Ladies, let’s get real.
Truth is… I suffer from MOM GUILT. I don’t think I’m alone in this… in fact, I KNOW I’m not alone in this (just check out Dawnelle’s recent post, regarding similar feelings).
I’m a stay-at-home mom. My job is more than just full-time. It’s round-the-clock. I love it. But with it comes the reality that I won’t always get a break during the day when I need one or half hour lunch to enjoy (and obviously this depends on the day, some are obviously better than others, and it wasn’t quite this extreme before juggling the needs of not just one but TWO little ones). I don’t leave my job at the end of 8 or 12 hours, knowing that somebody has come in to replace me for the next shift or that I have till the next day to continue my work.
Again, I LOVE what I do and feel so truly blessed beyond belief to have the opportunity to do it. However, sometimes momma needs a break. A breather. A chance to get away for a bit, gather my thoughts, and revitalize myself.
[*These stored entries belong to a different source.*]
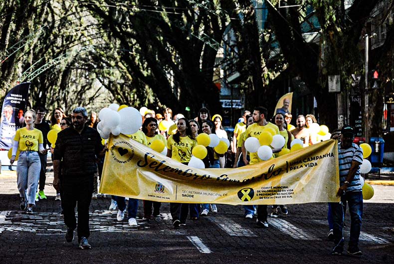 Trajando camisetas amarelas, portando balões e cantando músicas com mensagens de positividade, um grupo de cerca de 40 pessoas, entre profissionais da saúde, usuários do Centro de Atenção Psicossocial (Caps) e familiares, percorreram na tarde desta terça-feira, 17, a Rua Marechal Floriano para lembrar que saúde mental precisa de cuidados. A Caminhada pela Vida é uma das atividades que integra a programação do Setembro Amarelo, mês de prevenção ao suicídio.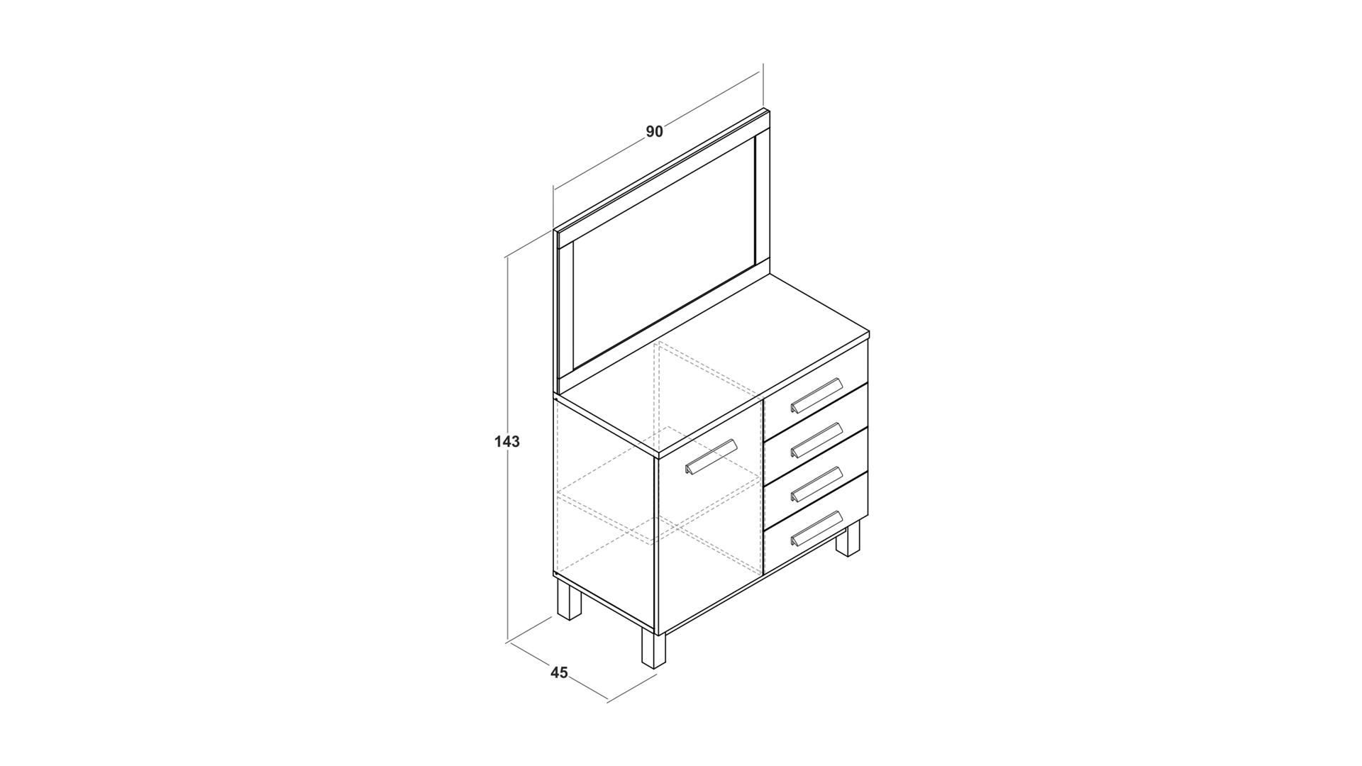 ⭐ Предимства: ✓ 18 мм ПДЧ ✓ 4 чекмеджета ✓ шкаф с рафт ✓ огледало ✓ компактен и практичен ✓ модерен дизайн ✓ качествена изработка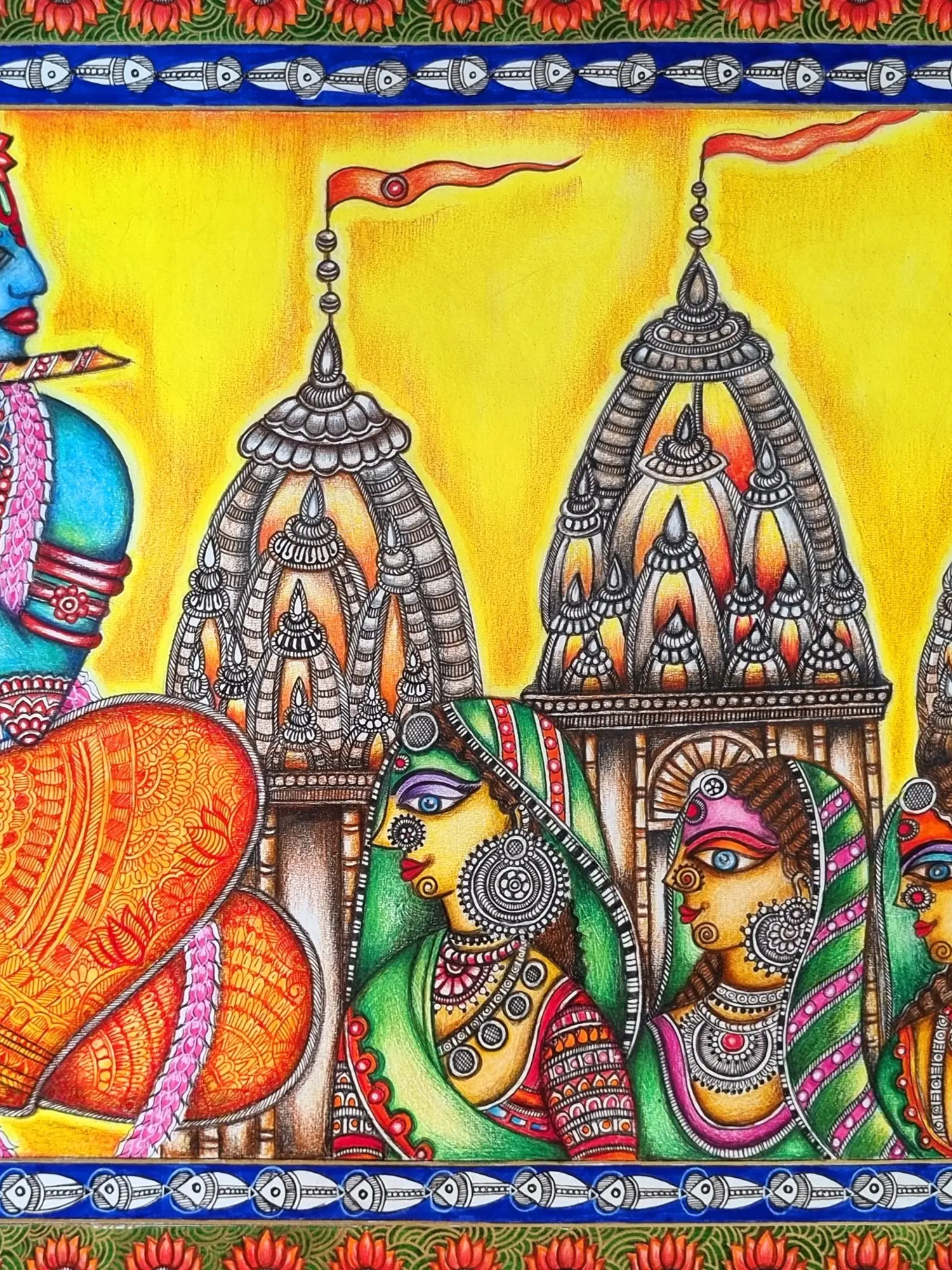 Devotion Of Lord Krishna | Acrylic On Canvas | By Arjun Das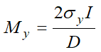 where A = Ramberg-Osgood coefficient, B = Ramberg-Osgood exponent, K = Pipe curvature, Ky = Pipe curvature at yield stress, M = Pipe bending moment, My = Pipe bending moment at yield stress, E = Young’s Modulus of the pipe, D = External diameter of the pipe, I = Moment of inertia of the pipe, and σy = Yield stress of the pipe. |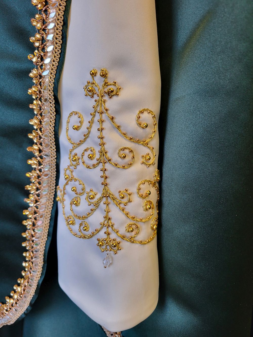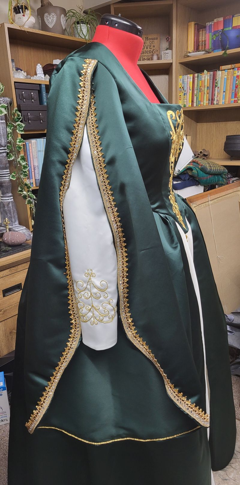 This dress was commissioned by a very special lady. She wanted a dress to fit in with her vision for their fantasy themed wedding, so together we designed this creation to reflect what she could see in her mind's eye. She was involved with the whole production process as it evolved, until this beautiful, unique statement piece came to life. Their wedding featured in an edition of Cheshire Brides, and so the dress was showcased to the wider community in all of its glory!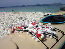 | 全員集合! コカコーラの景品か? オリンピック種目のシロクマのぬいぐるみが 浜辺に打ち寄せられていました。 オリンピックと白熊? コカコーラと白熊? う〜ん・・・ |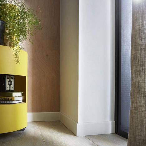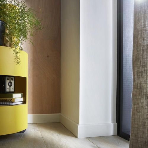 Plinthe prépeinte en blanc, pour une finition de votre choix. Une seule couche de peinture suffit pour personnaliser votre plinthe.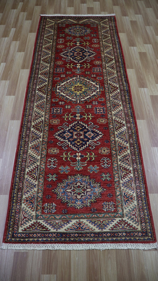8 Ft Oriental Kazak Runner Rug, Red Afghan Hand Knotted Wool Traditional Rectangle Carpet, Entryway Rug, Hallway Rug, Kitchen Rug, Foyer Rug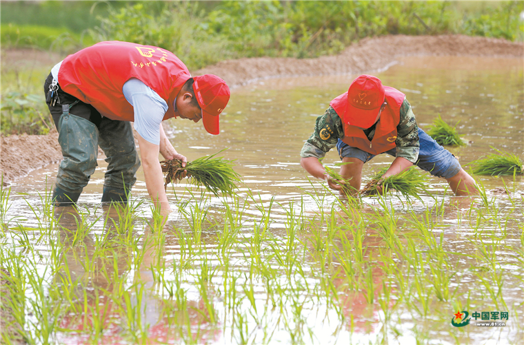 十堰市竹山縣退役軍人志願者幫當地農民插秧。朱本雙攝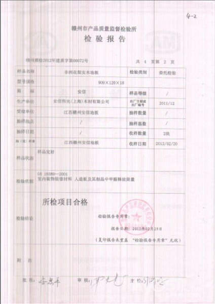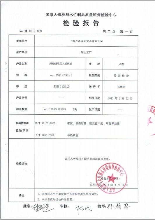 当然,也找到几份马路品牌的强化复合地板,检验报告也号称0.2mg/L。由于检验机构资质显然不如国家级的 权威,就不予考虑了。

BUT, this leaves me feeling guilty. GUILTY, GUILTY, GUILTY. Why am I being so impatient with them? Why do I feel like I need to get away from them? Does this mean I’m failing at my job as a mother? Why can’t I handle this? And worst of all, feeling like I don’t love my children as much as I should or as they deserve. So as if being exhausted and slightly overwhelmed with the demands of two toddlers isn’t enough… I carry this guilt around with it.
Where does this guilt stem from? Mostly my anxiety as a mother and own insecurities in my parenting. But also from judgement of other mommas.
Saturday, was no exception to this feeling. I had left the two little ones with my Hubby, as I headed back “home” for the morning to attend a craft show with a close friend, held at our alma mater. I thoroughly enjoyed my visit with her and perusing the many stands of handcrafted items throughout the halls and gym where I once attended High School. I enjoyed the
quiet silent (not even the radio on) hour and a half drive down there and back again… I could actually hear my thoughts, make sense of them, and that left me feeling a lot less overwhelmed by many of the things that had been weighing on me (but that I had just never had a chance to address or consider).
I came back to my two little ones and Hubby feeling refreshed, renewed, revitalized. They both seemed more than thrilled by having Daddy’s uninterrupted attention all morning for a change. It was a good experience for all of us.
At that point, I realized that there is nothing wrong with me. I have no reason to feel guilty when I feel the need for a break. We ALL benefited from the break… I had some quiet time to, in a sense, meditate during my drive, along with the interaction of a close friend… The Hubby had a chance to spend some uninterrupted time with the kiddos after a long, 50-hour, work week… and the kiddos had a slight change from their momma’s boring routine by Daddy watching over and tending to them for the morning while Mommy was gone.